Segment Start: Extracted material

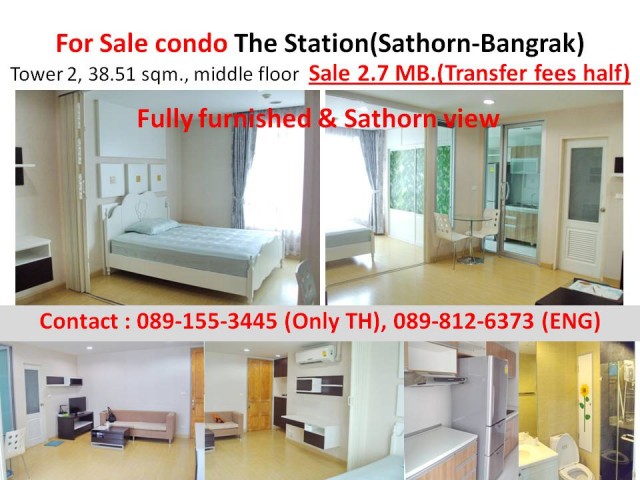 ขายถูก 1.79 ล้าน คอนโด เดอะสเตชั่น สาทร บางรัก คลิกเลย
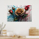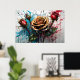 Yellow rose flower and red rose buds poster
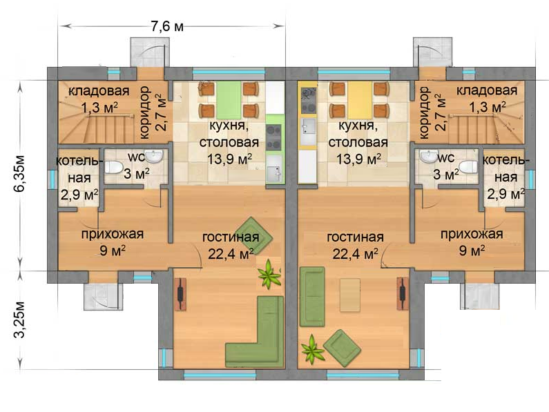 Еще одна не маловажная характеристика дома на две семьи Дуплекс 3 – это его не большие габариты 16 х 9 м, такой дом Вы сможете расположить даже на небольшом участке.
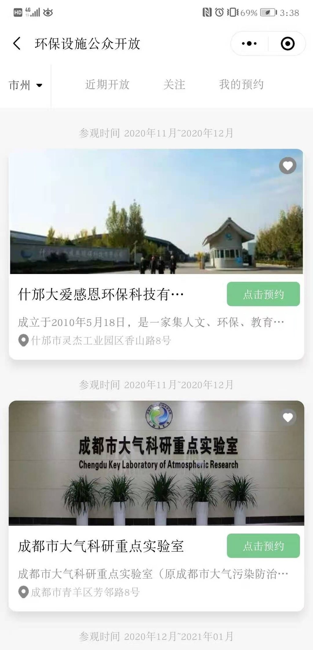12月1日,记者在“四川生态环境”微信公众号菜单栏点击环境教育栏目进入小程序,并点击“环保设施公众开放”。页面上出现了各个参观点位的图文链接。根据页面上方的栏目,既能按市州查到“藏”在你家附近的参观点位,也能按时间查询最近开放的参观点位。对于感兴趣的参观点,还可以点击关注纳入关注列表。
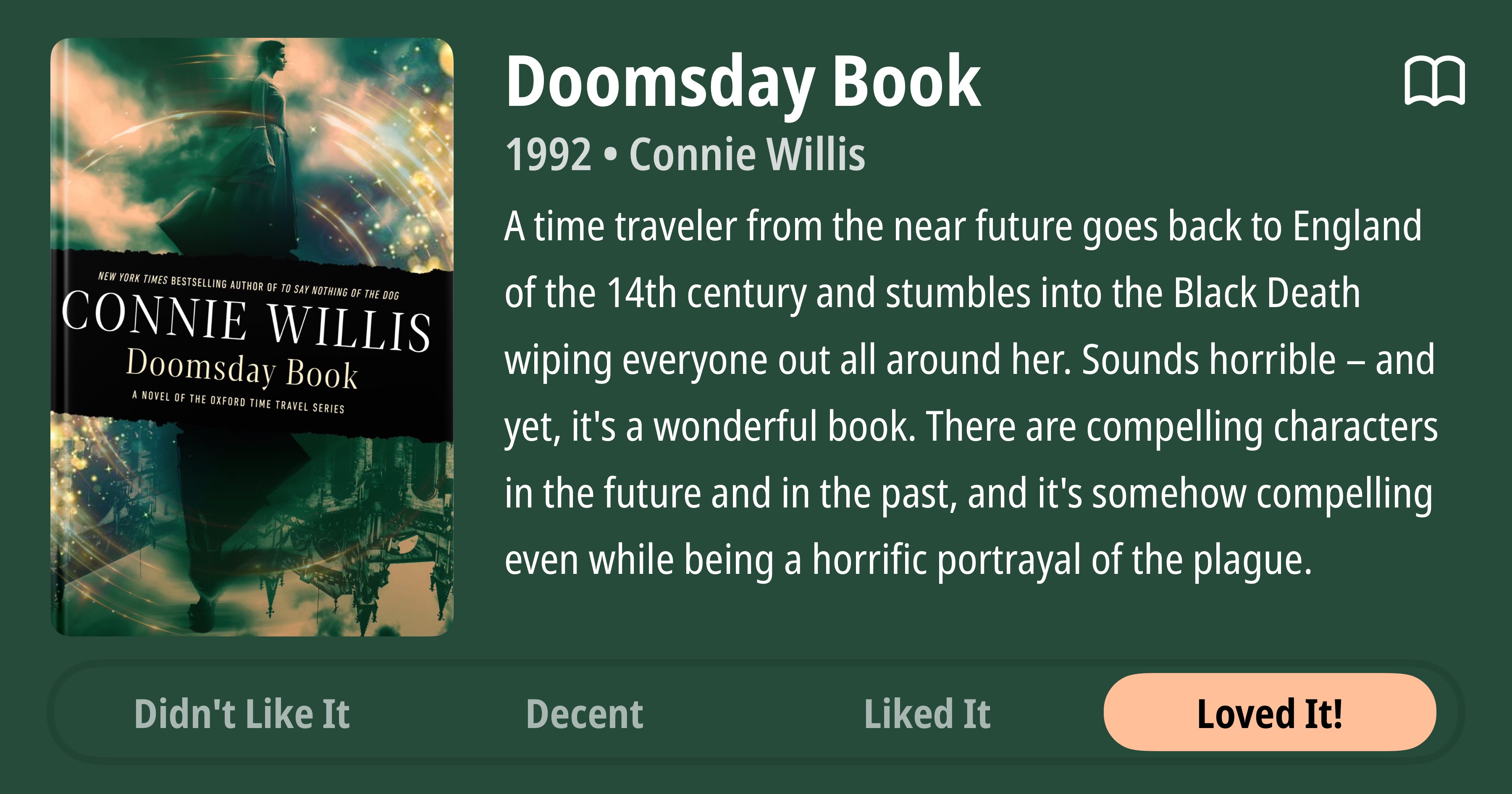 Doomsday Book • 1992 • Connie Willis A time traveler from the near future goes back to England of the 14th century and stumbles into the Black Death wiping everyone out all around her. Sounds horrible - and yet, it's a wonderful book. There are compelling characters in the future and in the past, and it's somehow compelling even while being a horrific portrayal of the plague. • Loved It!
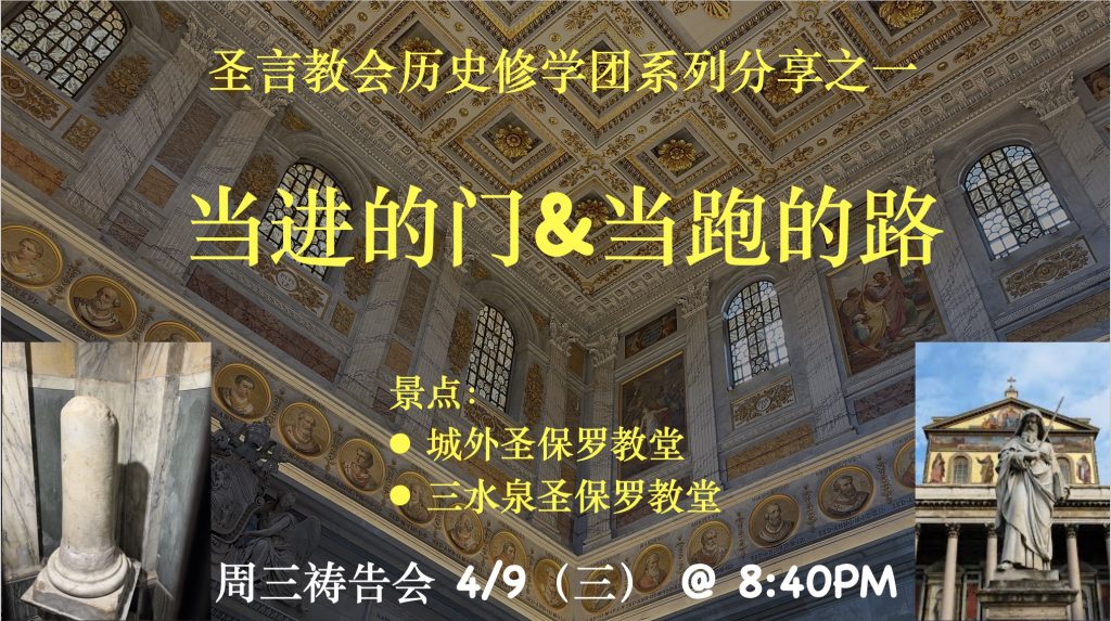 特别预告:从今天开始,教会的周三祷告会会连续分享圣言教会历史修学团的学习所得,今晚的分享也会特别展示罗马城外圣保罗大教堂圣门入口处的配搭2把钥匙的三重冕的图片。
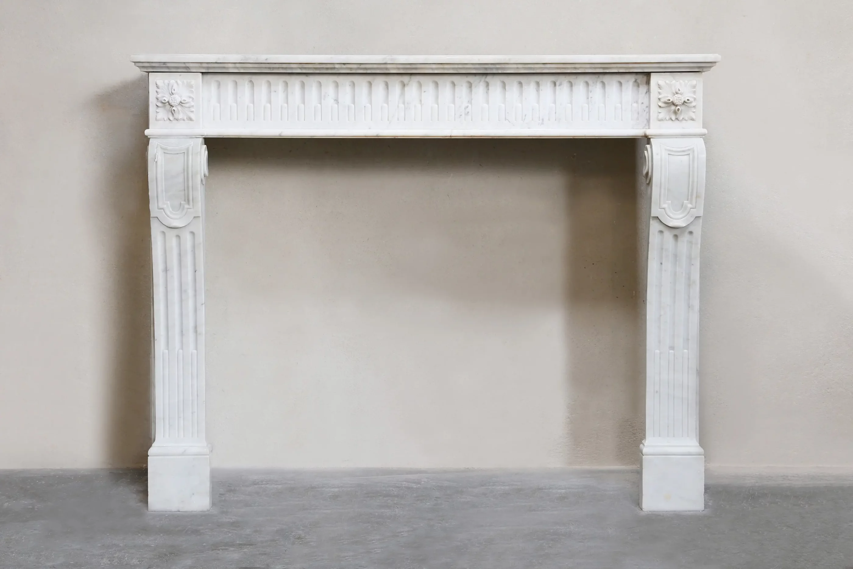 Het witte Carrara marmer staat bekend om zijn duurzaamheid en tijdloze uitstraling en maakt deze schouw geschikt voor zowel historische als hedendaagse interieurs. Dankzij de sobere elegantie en hoogwaardige afwerking vormt dit exemplaar een representatief en stijlvol architectonisch element in iedere ruimte.
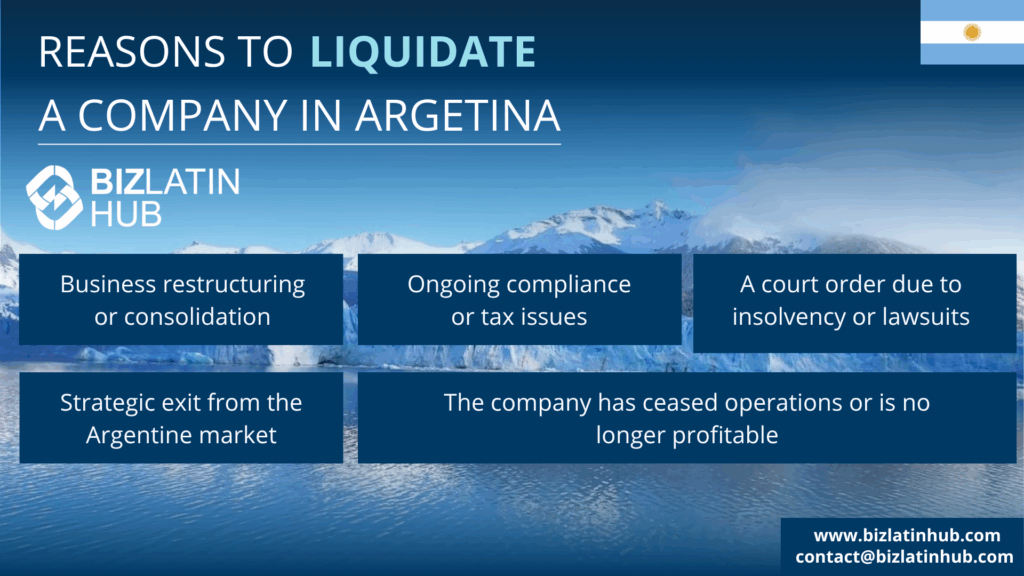 What are the reasons to liquidate a company in Argentina? | These vary, but the key point is to stay compliant and in good standing with the authorities. |
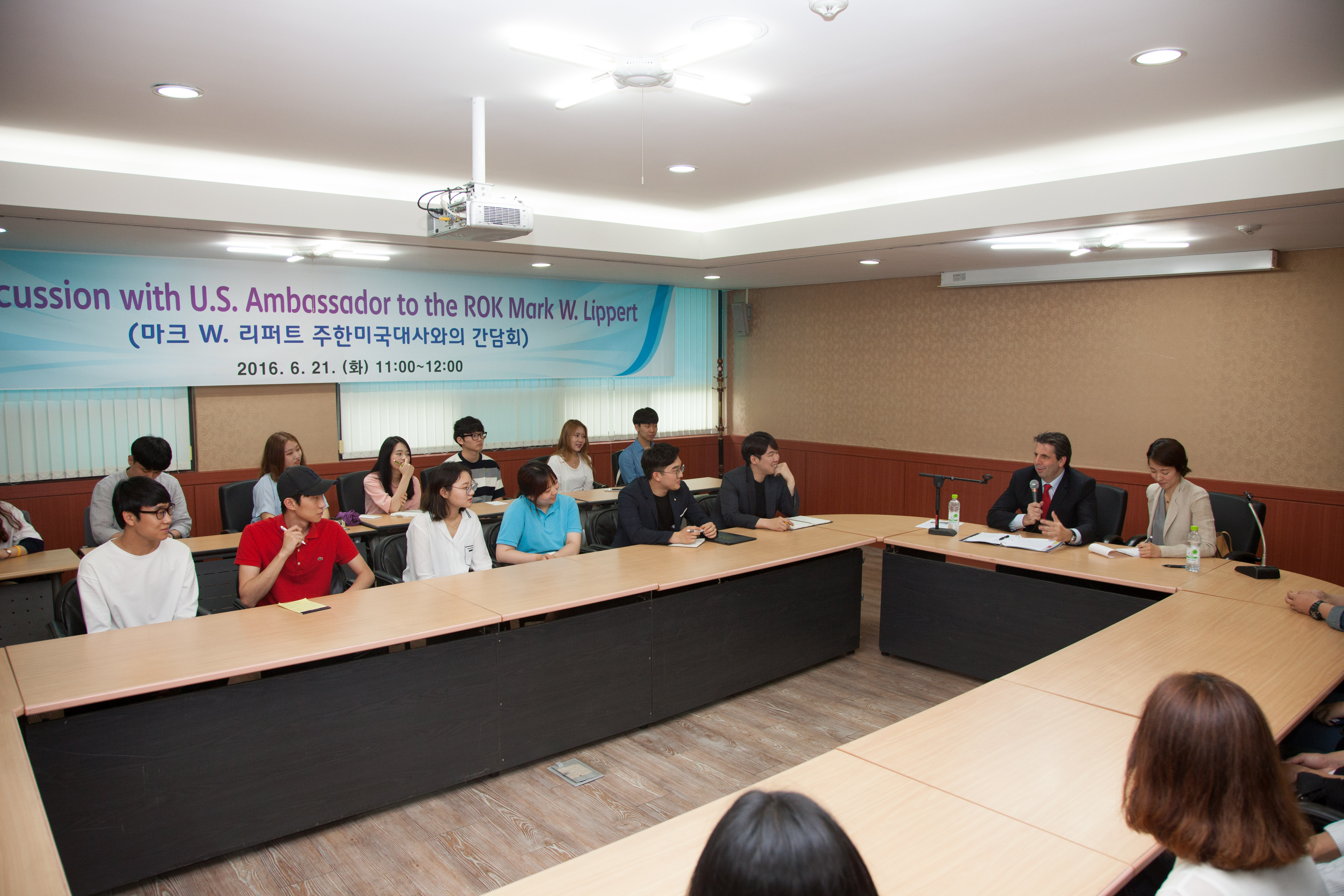 마크 윌리엄 리퍼트(Mark W. Lippert) 주한미국대사는 6월 20일 우리대학을 방문해 대학의 우수 기관과 학과 등을 둘러보고, 학생들과도 긴밀히 소통하는 시간을 가졌다.
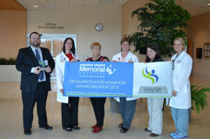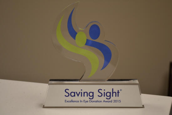 [March 18, 2016]  LINCOLN - On Monday, Abraham Lincoln Memorial Hospital was awarded Saving Sight’s 2015 Excellence in Eye Donation Award, recognizing the partner hospital for achievements in providing the gift of sight to those needing a transplant last year.

Segment End: Extracted material

**Prompt:** Starting at the line that contains "Het witte Carrara", output every line through the end of the data, both ends included, and nothing else; pictures stay out.

**Answer to this exercise:**
 Het witte Carrara marmer staat bekend om zijn duurzaamheid en tijdloze uitstraling en maakt deze schouw geschikt voor zowel historische als hedendaagse interieurs. Dankzij de sobere elegantie en hoogwaardige afwerking vormt dit exemplaar een representatief en stijlvol architectonisch element in iedere ruimte.
 What are the reasons to liquidate a company in Argentina? | These vary, but the key point is to stay compliant and in good standing with the authorities. |
 마크 윌리엄 리퍼트(Mark W. Lippert) 주한미국대사는 6월 20일 우리대학을 방문해 대학의 우수 기관과 학과 등을 둘러보고, 학생들과도 긴밀히 소통하는 시간을 가졌다.
 [March 18, 2016]  LINCOLN - On Monday, Abraham Lincoln Memorial Hospital was awarded Saving Sight’s 2015 Excellence in Eye Donation Award, recognizing the partner hospital for achievements in providing the gift of sight to those needing a transplant last year.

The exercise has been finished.